Dataset content:
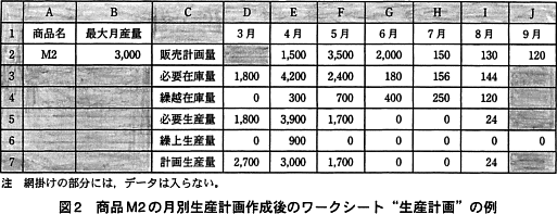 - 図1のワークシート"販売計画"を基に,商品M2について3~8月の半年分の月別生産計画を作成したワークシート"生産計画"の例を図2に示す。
==
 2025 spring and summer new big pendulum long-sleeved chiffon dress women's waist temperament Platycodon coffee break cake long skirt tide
==
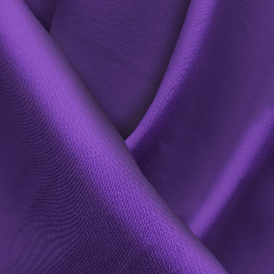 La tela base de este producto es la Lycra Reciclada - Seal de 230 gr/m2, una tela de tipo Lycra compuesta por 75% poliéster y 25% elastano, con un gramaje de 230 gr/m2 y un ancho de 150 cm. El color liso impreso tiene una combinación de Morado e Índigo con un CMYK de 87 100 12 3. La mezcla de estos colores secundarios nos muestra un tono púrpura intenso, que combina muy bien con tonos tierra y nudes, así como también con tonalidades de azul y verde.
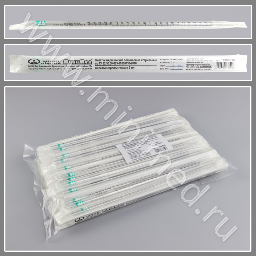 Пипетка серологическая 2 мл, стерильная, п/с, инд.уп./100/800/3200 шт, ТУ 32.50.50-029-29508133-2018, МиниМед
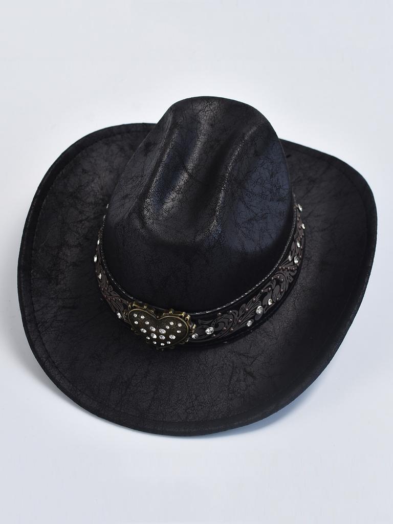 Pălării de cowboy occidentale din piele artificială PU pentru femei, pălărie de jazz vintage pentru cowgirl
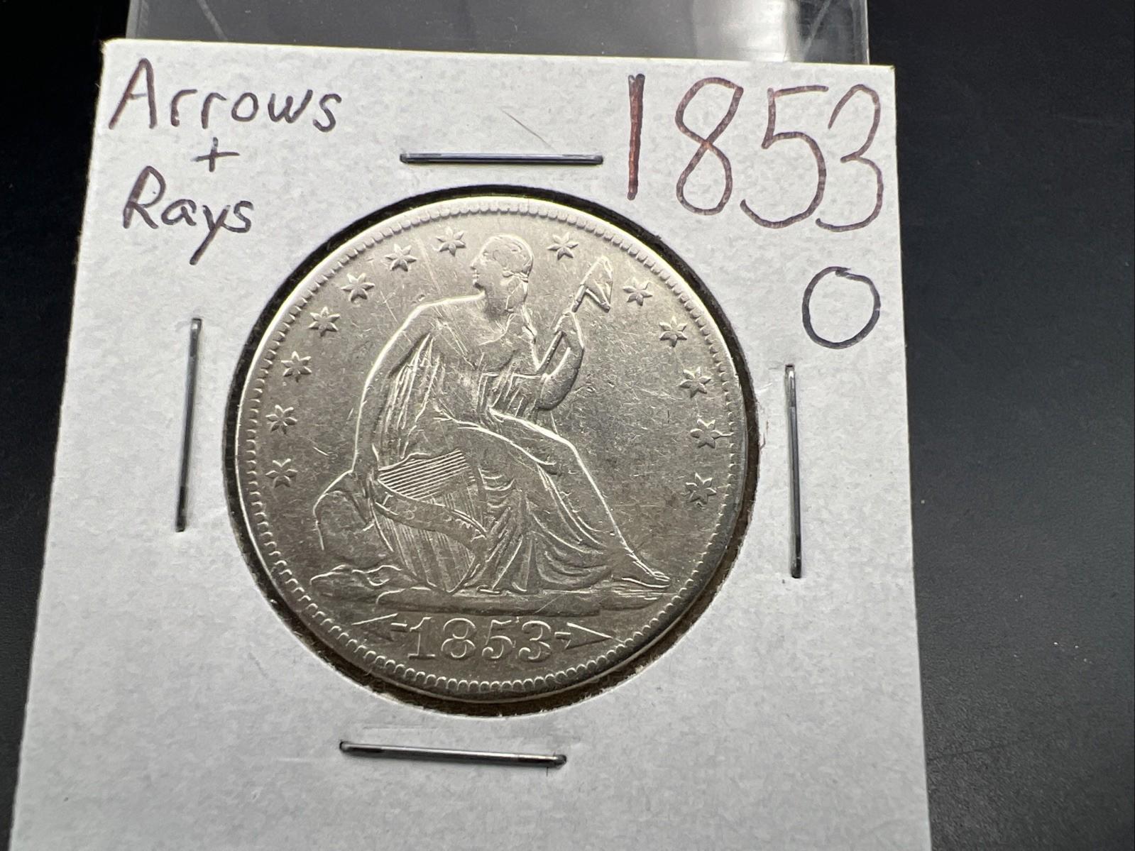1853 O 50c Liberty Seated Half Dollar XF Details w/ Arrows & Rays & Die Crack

Problem statement:
Reproduce the listing above only between the lines holding "Pălării de cowboy" and "1853 O 50c Liberty", inclusive. Every line must match exactly, and pictures are dropped.

Result of this task:
 Pălării de cowboy occidentale din piele artificială PU pentru femei, pălărie de jazz vintage pentru cowgirl
1853 O 50c Liberty Seated Half Dollar XF Details w/ Arrows & Rays & Die Crack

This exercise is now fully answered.